The role of platelets in diabetes-related vascular complications.

作者信息

Sobol A B, Watala C

机构信息

Laboratory of Haemostatic Disorders, Medical University of Lodz, 96 Narutowicz Street, 90 141 Lodz, Poland.

出版信息

Diabetes Res Clin Pract. 2000 Sep;50(1):1-16. doi: 10.1016/s0168-8227(00)00160-1.
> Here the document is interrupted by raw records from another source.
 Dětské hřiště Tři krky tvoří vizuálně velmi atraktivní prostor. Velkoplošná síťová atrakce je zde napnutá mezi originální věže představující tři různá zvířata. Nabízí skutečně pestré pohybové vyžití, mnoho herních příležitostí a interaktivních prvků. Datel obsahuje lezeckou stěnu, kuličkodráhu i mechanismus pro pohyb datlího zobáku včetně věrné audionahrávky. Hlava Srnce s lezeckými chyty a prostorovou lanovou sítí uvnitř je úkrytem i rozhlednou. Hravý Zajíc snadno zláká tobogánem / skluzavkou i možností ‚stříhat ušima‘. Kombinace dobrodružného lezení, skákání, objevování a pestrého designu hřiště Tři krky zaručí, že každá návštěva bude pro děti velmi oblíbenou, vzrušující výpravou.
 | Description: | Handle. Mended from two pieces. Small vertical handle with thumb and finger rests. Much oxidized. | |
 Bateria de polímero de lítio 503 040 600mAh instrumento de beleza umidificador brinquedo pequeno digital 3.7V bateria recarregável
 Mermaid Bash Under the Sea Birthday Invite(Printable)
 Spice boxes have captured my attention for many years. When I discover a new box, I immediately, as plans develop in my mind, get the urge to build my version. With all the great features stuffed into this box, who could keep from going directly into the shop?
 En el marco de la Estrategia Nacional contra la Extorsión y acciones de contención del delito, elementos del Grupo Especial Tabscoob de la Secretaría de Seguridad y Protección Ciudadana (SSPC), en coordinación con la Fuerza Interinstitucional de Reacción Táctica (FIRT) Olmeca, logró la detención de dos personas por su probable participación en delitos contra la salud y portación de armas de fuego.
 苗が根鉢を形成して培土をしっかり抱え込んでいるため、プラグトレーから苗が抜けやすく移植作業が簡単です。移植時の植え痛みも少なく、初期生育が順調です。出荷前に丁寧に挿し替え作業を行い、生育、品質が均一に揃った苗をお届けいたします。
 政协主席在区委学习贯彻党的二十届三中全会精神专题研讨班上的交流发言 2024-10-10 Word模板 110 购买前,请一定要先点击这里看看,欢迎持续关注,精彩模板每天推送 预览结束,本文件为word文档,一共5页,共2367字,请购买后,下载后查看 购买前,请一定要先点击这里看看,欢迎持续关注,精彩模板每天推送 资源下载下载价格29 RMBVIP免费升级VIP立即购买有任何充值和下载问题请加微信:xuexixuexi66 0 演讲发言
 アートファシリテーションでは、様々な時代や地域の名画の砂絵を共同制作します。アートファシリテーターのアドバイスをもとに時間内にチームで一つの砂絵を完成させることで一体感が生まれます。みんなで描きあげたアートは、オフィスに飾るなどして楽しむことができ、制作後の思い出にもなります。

DOI:10.1016/s0168-8227(00)00160-1
PMID:10936664
Abstract

The contribution of platelets to the pathogenesis and progression of vascular complications in diabetes is supported by several studies. In general, platelets obtained from diabetic subjects show increased adhesiveness and an exaggerated aggregation, both spontaneous and in response to stimulating agents. The causes for this activation are multifold: altered exposure and/or abundance of glycoprotein receptors for agonists and adhesive proteins on the platelet surface, increased binding of fibrinogen, decreased membrane fluidity, altered platelet metabolism and changes in intraplatelet signalling pathways. The altered biophysical state of platelet membrane components in diabetes mellitus may be one of the major determinants of platelet hypersensitivity and hyperfunction and may contribute to impairments in various metabolic pathways, like intensified calcium mobilisation and accentuated thromboxane synthesis and release. Activated platelets interact with other cells, such as endothelial cells and leukocytes as well with the coagulation system in the process of atherosclerosis. Some studies indicated that platelet dysfunction was especially apparent in diabetic subjects with macro- or microangiopathy, while others showed that it may be related to the presence of diabetes mellitus per se. Several pharmaceutical compounds have been developed for the inhibition of platelet activation. However, aspirin treatment is cheap and effective, and aspirin remains to be the drug of choice for diabetic patients. It should be prescribed widely for patients who are at high risk of cardiovascular events.

摘要

多项研究证实了血小板在糖尿病血管并发症发病机制及进展中的作用。总体而言,糖尿病患者的血小板表现出更强的黏附性以及更易出现过度聚集,包括自发聚集以及对刺激剂的反应性聚集。这种激活的原因是多方面的:血小板表面激动剂和黏附蛋白的糖蛋白受体暴露和/或数量改变、纤维蛋白原结合增加、膜流动性降低、血小板代谢改变以及血小板内信号通路变化。糖尿病患者血小板膜成分的生物物理状态改变可能是血小板超敏反应和功能亢进的主要决定因素之一,可能导致各种代谢途径受损,如强化钙动员以及加剧血栓素的合成与释放。在动脉粥样硬化过程中,活化的血小板与其他细胞相互作用,如内皮细胞和白细胞,也与凝血系统相互作用。一些研究表明,血小板功能障碍在患有大血管或微血管病变的糖尿病患者中尤为明显,而其他研究则表明,这可能与糖尿病本身的存在有关。已经开发了几种抑制血小板活化的药物化合物。然而,阿司匹林治疗既便宜又有效,阿司匹林仍然是糖尿病患者的首选药物。对于心血管事件高危患者,应广泛开具此药。